- _DESCRIPTION OF THE TASK_
From the line below that contains "แผนภาพที่ ๓.๑ ความเชื่อมโยงระหว่างหมวดหมู่การพัฒนา" to the line that contains "กับเป้าหมายหลักแสดงไว้ในแผนภาพที่ ๓.๑ โดยหมวดหมู่", repeat every line exactly, both ends included, and nothing else.

------ AVAILABLE RECORDS

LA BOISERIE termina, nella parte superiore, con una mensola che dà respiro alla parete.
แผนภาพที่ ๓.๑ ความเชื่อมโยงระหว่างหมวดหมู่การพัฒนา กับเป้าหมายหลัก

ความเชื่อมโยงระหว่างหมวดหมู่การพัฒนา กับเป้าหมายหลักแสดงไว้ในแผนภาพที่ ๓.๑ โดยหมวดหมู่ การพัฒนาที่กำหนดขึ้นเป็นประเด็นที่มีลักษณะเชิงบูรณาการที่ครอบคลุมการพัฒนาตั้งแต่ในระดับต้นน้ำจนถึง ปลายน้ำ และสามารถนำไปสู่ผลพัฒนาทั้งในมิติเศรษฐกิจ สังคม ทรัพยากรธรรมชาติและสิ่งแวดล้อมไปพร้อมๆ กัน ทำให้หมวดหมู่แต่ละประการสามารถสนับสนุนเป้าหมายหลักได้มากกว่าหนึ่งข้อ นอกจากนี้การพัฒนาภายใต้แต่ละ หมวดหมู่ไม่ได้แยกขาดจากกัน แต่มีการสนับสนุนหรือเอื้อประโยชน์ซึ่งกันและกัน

------------
------ AVAILABLE RECORDS

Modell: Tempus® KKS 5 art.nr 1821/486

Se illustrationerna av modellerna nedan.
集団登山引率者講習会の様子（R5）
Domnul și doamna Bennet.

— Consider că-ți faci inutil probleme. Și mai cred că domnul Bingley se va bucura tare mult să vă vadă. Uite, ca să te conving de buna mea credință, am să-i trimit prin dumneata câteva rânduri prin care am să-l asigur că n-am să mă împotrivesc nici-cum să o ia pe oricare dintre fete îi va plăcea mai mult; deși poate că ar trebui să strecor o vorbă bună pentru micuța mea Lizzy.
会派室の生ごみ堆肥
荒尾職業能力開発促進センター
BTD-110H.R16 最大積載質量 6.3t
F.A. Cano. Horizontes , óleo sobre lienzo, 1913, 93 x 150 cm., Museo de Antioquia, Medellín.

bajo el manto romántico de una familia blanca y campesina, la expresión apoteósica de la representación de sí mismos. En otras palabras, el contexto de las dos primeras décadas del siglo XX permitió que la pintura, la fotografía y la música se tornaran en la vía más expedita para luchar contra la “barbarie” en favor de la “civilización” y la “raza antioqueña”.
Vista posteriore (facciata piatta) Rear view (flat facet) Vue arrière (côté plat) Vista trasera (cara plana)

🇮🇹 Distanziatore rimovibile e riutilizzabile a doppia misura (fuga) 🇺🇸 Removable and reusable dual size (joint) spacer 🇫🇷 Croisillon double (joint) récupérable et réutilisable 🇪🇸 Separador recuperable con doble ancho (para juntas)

------------

- _WRITTEN SOLUTION_
แผนภาพที่ ๓.๑ ความเชื่อมโยงระหว่างหมวดหมู่การพัฒนา กับเป้าหมายหลัก

ความเชื่อมโยงระหว่างหมวดหมู่การพัฒนา กับเป้าหมายหลักแสดงไว้ในแผนภาพที่ ๓.๑ โดยหมวดหมู่ การพัฒนาที่กำหนดขึ้นเป็นประเด็นที่มีลักษณะเชิงบูรณาการที่ครอบคลุมการพัฒนาตั้งแต่ในระดับต้นน้ำจนถึง ปลายน้ำ และสามารถนำไปสู่ผลพัฒนาทั้งในมิติเศรษฐกิจ สังคม ทรัพยากรธรรมชาติและสิ่งแวดล้อมไปพร้อมๆ กัน ทำให้หมวดหมู่แต่ละประการสามารถสนับสนุนเป้าหมายหลักได้มากกว่าหนึ่งข้อ นอกจากนี้การพัฒนาภายใต้แต่ละ หมวดหมู่ไม่ได้แยกขาดจากกัน แต่มีการสนับสนุนหรือเอื้อประโยชน์ซึ่งกันและกัน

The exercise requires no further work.